Full transcription, minus images: write out the listing below exactly as it appears.

────────────────────

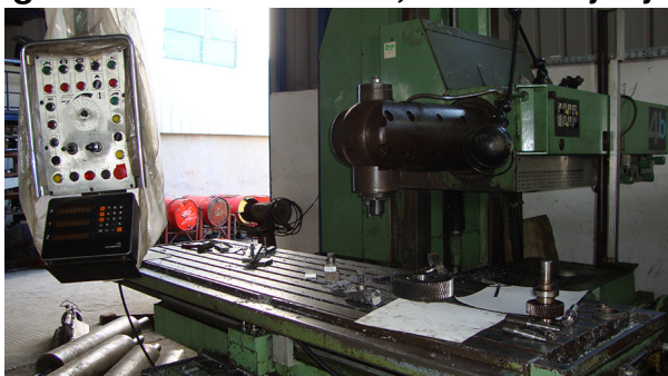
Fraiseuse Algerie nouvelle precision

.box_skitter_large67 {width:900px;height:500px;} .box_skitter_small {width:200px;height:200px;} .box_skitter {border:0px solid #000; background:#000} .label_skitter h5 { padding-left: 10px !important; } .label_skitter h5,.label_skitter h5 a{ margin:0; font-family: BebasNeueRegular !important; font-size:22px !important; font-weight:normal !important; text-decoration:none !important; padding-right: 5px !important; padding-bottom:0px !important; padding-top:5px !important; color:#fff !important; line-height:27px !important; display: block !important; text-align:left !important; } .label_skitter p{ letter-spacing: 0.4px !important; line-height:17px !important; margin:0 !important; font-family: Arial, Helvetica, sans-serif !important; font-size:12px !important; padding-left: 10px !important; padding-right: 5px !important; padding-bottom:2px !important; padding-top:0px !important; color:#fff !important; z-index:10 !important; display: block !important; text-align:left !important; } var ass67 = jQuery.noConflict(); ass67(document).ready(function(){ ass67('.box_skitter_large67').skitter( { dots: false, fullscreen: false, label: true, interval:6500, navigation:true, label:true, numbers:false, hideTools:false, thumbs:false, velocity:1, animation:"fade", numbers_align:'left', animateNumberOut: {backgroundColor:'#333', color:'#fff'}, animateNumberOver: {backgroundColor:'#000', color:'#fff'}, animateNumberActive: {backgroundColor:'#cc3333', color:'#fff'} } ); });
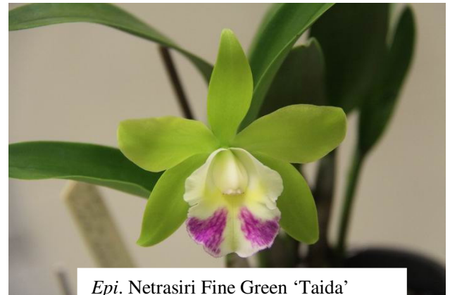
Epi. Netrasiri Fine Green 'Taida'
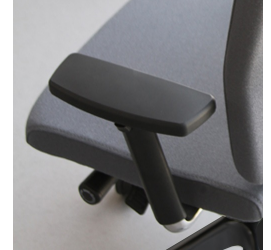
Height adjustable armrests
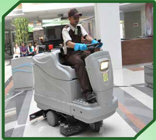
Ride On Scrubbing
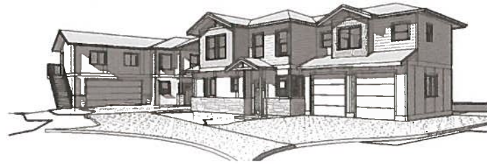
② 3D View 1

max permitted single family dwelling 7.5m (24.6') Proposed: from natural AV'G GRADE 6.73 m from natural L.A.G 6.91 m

────────────────────

▶ **ANSWER SECTION**
Fraiseuse Algerie nouvelle precision

.box_skitter_large67 {width:900px;height:500px;} .box_skitter_small {width:200px;height:200px;} .box_skitter {border:0px solid #000; background:#000} .label_skitter h5 { padding-left: 10px !important; } .label_skitter h5,.label_skitter h5 a{ margin:0; font-family: BebasNeueRegular !important; font-size:22px !important; font-weight:normal !important; text-decoration:none !important; padding-right: 5px !important; padding-bottom:0px !important; padding-top:5px !important; color:#fff !important; line-height:27px !important; display: block !important; text-align:left !important; } .label_skitter p{ letter-spacing: 0.4px !important; line-height:17px !important; margin:0 !important; font-family: Arial, Helvetica, sans-serif !important; font-size:12px !important; padding-left: 10px !important; padding-right: 5px !important; padding-bottom:2px !important; padding-top:0px !important; color:#fff !important; z-index:10 !important; display: block !important; text-align:left !important; } var ass67 = jQuery.noConflict(); ass67(document).ready(function(){ ass67('.box_skitter_large67').skitter( { dots: false, fullscreen: false, label: true, interval:6500, navigation:true, label:true, numbers:false, hideTools:false, thumbs:false, velocity:1, animation:"fade", numbers_align:'left', animateNumberOut: {backgroundColor:'#333', color:'#fff'}, animateNumberOver: {backgroundColor:'#000', color:'#fff'}, animateNumberActive: {backgroundColor:'#cc3333', color:'#fff'} } ); });
Epi. Netrasiri Fine Green 'Taida'
Height adjustable armrests
Ride On Scrubbing
② 3D View 1

max permitted single family dwelling 7.5m (24.6') Proposed: from natural AV'G GRADE 6.73 m from natural L.A.G 6.91 m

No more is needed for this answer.